(PROBLEM REQUIREMENTS):
Your answer must be only the lines below from the one containing "QPICKER는 전시 오디오" through the one containing "春秋女士黑色简约原创设计中长款西装薄女休闲外套显瘦宽松风衣", copied exactly, with the pictures left out.

PROVIDED INFORMATION section start

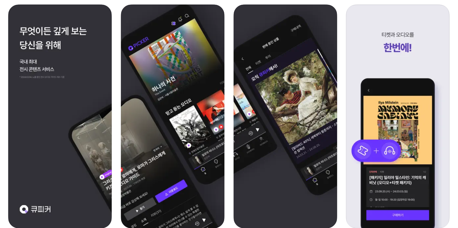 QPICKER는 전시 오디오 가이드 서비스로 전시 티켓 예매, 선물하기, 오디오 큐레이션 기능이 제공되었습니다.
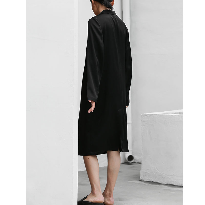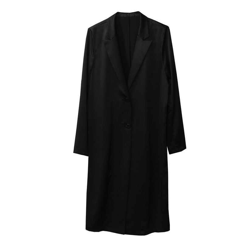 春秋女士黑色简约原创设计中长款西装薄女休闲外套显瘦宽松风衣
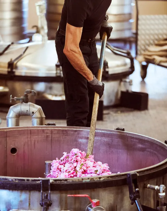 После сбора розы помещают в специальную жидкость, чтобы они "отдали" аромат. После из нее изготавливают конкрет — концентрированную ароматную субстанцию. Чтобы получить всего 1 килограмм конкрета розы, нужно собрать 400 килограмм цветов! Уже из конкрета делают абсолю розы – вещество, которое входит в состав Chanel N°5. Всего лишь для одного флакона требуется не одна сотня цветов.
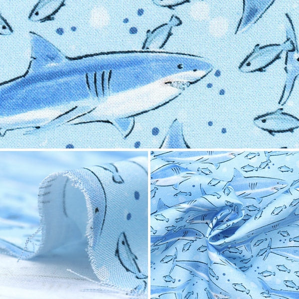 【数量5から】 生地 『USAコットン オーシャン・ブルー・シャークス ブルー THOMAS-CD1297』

PROVIDED INFORMATION section end
PROVIDED INFORMATION section start

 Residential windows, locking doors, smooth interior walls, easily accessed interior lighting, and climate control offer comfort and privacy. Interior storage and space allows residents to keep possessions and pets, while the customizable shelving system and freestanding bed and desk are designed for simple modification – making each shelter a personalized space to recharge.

PROVIDED INFORMATION section end
PROVIDED INFORMATION section start

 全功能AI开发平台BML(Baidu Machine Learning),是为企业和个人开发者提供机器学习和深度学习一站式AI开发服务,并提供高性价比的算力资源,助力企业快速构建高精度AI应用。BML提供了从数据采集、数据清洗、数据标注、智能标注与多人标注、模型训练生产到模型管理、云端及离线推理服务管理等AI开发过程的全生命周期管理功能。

PROVIDED INFORMATION section end

(EXERCISE RESULT):
 QPICKER는 전시 오디오 가이드 서비스로 전시 티켓 예매, 선물하기, 오디오 큐레이션 기능이 제공되었습니다.
 春秋女士黑色简约原创设计中长款西装薄女休闲外套显瘦宽松风衣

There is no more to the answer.